Anthropology, she added, helps connect climate change to the relationships people have with each other and with the environments they depend on.
“Community making, ritual and ethical commitments are all ways to reach people emotionally, not just intellectually,” Howe said.
Ultimately, she hopes conversations like those at SXSW encourage people to see climate change not as a distant issue but as something tied to the places and communities they care about most.
“Most of us are very good at caring for and protecting the people we love,” Howe said. “But we need to be better at caring for and protecting the places we love.
“Every day we have a chance to make a difference, to make a change and to get engaged with saving the places we cherish. Now we need to do it.”
While conversations about climate storytelling highlighted the importance of engagement, other discussions at SXSW focused on how emerging technologies are shaping the future of discovery and innovation.
At UK House, two sessions explored the role of AI in accelerating science and the partnerships needed to move research into real-world applications.
Pothik Chatterjee, executive director of the Houston Methodist-Rice Digital Health Institute, participated in both the panel “AI for Science: How the UK and US are Building the Future of Discovery” and the roundtable “Who Funds the Future? Universities, Capital and New Wave Innovation.”
Launched in 2024 by Rice and Houston Methodist, the institute brings together engineers, clinicians and data scientists to develop digital health technologies that apply AI and advanced data systems to patient care and biomedical research.
In its first year, the institute secured about $20 million in federal and philanthropic funding, including National Science Foundation support for a digital health workforce initiative and National Institutes of Health grants supporting projects such as AI-enabled cardiovascular risk prediction.
“AI and digital health innovation are global efforts,” Chatterjee said. “The more bridges we can build between universities, health systems and startups, the faster we can move ideas into real impact.”
The discussions also highlighted international collaboration, including projects supported by the United Kingdom’s Advanced Research and Invention Agency, which funds high-risk, high-reward research programs.
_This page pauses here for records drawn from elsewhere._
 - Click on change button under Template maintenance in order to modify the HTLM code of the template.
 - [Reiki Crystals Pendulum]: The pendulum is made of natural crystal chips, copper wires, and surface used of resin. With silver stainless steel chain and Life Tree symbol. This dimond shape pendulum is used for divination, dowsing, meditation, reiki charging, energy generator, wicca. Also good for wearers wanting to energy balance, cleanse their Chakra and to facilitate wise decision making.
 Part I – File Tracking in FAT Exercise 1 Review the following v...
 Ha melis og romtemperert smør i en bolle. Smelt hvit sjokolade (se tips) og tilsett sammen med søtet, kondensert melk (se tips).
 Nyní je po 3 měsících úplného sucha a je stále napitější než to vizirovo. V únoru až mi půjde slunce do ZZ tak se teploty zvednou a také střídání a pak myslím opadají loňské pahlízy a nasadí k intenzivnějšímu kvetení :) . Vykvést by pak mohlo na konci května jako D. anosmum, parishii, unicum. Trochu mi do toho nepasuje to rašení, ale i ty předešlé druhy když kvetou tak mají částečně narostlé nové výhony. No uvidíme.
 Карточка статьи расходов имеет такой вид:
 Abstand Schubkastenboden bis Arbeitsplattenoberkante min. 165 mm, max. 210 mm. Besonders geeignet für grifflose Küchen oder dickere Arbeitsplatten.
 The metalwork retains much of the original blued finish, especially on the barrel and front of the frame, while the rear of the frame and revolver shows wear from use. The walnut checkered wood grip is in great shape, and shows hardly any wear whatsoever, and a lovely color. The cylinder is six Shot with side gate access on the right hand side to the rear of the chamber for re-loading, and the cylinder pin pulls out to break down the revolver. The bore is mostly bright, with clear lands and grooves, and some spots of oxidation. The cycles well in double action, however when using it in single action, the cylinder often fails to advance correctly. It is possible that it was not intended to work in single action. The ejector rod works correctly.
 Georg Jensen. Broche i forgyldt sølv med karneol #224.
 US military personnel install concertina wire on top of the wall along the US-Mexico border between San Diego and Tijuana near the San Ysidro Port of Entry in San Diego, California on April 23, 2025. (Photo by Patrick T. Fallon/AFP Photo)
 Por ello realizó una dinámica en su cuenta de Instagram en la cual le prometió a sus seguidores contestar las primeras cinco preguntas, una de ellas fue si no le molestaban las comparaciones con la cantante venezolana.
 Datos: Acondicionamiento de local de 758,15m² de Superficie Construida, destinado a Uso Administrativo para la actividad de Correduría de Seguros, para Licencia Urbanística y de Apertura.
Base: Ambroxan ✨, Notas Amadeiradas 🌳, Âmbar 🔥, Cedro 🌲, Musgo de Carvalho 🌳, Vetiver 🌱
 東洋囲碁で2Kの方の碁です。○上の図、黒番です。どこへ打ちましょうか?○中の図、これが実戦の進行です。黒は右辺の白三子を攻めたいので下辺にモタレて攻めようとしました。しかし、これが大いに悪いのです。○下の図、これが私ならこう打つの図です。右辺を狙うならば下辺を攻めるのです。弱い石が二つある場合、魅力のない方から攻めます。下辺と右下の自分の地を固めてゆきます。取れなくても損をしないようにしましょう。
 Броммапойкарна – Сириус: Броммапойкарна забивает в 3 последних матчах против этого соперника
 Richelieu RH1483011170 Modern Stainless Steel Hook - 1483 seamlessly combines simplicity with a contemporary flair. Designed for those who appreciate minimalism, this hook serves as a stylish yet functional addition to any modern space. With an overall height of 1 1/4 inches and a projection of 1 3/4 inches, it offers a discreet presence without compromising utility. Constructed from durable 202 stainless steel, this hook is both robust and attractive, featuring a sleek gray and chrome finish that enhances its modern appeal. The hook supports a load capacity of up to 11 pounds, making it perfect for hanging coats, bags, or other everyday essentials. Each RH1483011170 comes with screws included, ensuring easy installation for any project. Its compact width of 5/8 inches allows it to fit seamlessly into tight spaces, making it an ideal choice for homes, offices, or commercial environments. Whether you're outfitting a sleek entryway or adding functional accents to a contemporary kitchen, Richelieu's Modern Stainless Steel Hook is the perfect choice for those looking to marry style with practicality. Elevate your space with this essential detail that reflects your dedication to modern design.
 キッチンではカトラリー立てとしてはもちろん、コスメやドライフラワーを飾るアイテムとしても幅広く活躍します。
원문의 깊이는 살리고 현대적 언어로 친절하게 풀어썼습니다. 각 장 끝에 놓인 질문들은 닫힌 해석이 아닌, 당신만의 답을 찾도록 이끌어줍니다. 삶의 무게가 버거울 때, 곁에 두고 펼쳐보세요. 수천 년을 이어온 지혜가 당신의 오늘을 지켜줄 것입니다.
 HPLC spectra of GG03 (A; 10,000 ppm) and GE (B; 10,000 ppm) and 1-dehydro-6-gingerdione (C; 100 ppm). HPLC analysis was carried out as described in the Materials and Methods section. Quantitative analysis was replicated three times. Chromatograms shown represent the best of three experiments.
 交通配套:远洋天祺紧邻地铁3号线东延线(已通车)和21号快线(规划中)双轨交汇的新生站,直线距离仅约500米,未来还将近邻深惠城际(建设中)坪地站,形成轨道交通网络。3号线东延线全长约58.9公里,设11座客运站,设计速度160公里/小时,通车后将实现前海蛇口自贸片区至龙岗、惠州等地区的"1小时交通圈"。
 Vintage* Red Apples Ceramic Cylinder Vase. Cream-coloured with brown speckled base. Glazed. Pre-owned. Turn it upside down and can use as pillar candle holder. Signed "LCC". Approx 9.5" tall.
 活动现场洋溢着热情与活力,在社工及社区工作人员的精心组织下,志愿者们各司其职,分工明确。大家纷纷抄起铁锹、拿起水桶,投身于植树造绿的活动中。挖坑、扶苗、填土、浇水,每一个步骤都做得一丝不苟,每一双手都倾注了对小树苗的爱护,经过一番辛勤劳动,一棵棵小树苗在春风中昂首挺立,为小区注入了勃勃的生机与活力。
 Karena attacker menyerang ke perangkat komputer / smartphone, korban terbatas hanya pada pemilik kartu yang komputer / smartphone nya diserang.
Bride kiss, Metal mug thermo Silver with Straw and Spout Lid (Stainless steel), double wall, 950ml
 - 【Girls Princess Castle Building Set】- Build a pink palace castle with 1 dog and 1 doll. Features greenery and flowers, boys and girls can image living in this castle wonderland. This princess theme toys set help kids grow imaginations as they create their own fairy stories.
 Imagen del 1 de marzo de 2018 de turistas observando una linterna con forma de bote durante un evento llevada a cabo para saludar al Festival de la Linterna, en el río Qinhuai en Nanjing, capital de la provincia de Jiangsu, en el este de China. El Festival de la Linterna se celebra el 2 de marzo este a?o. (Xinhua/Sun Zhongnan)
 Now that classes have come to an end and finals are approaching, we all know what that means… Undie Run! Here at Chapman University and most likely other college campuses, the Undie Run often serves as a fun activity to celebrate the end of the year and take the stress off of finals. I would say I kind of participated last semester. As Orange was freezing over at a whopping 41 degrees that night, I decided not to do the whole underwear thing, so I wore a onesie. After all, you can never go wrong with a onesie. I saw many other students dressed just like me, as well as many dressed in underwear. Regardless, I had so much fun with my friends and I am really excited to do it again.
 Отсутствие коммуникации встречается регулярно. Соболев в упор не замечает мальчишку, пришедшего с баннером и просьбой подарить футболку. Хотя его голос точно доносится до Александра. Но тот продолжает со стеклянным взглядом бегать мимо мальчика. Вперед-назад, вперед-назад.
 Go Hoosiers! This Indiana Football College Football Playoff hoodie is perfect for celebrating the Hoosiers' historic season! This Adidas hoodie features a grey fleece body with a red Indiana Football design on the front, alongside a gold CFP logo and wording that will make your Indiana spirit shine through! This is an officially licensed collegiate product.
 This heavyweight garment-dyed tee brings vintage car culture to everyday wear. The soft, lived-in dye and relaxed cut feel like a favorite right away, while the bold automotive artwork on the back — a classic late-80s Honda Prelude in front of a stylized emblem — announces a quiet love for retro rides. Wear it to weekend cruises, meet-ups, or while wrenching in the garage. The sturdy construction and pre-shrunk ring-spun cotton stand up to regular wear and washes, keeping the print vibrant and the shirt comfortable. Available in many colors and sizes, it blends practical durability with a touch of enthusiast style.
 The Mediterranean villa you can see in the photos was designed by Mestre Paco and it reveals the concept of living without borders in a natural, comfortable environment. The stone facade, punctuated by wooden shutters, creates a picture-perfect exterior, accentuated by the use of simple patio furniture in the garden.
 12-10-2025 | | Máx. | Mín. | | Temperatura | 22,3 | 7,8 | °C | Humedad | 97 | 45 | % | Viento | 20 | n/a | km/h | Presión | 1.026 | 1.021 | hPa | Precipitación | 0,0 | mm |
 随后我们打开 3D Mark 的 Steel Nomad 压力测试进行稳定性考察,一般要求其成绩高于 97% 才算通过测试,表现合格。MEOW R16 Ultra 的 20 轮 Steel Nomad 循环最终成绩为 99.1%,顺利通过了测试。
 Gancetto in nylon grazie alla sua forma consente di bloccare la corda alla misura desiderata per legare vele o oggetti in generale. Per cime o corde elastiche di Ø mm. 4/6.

Four Rice laboratories are part of the agency’s inaugural cohort focused on next-generation brain technologies.
For Chatterjee, SXSW provided an opportunity to reflect on the institute’s progress and build new partnerships as it moves into its next phase.
“Now in our second year, the focus is on building partnerships with industry and international collaborators and developing solutions that reach patients and improve how health care is delivered,” he said.
One upcoming initiative is Industry Translation Day April 2 at Rice’s BioScience Research Collaborative, where companies including Samsung, Genentech, Abbott and Oracle will meet with Rice engineers and Houston Methodist clinicians in a “reverse pitch” format designed to connect industry challenges with academic research.
“We want to hear directly from companies about the pain points they are seeing in the market, so we can work together to develop solutions,” Chatterjee said. “UK House was a great opportunity to showcase DHI’s unique collaboration model and to forge and deepen connections that help advance our mission.”
Across panels and disciplines, a common theme emerged. Whether addressing climate change or advancing AI-driven health innovation, the challenge is not only generating knowledge but ensuring it reaches and resonates with the people it is meant to serve.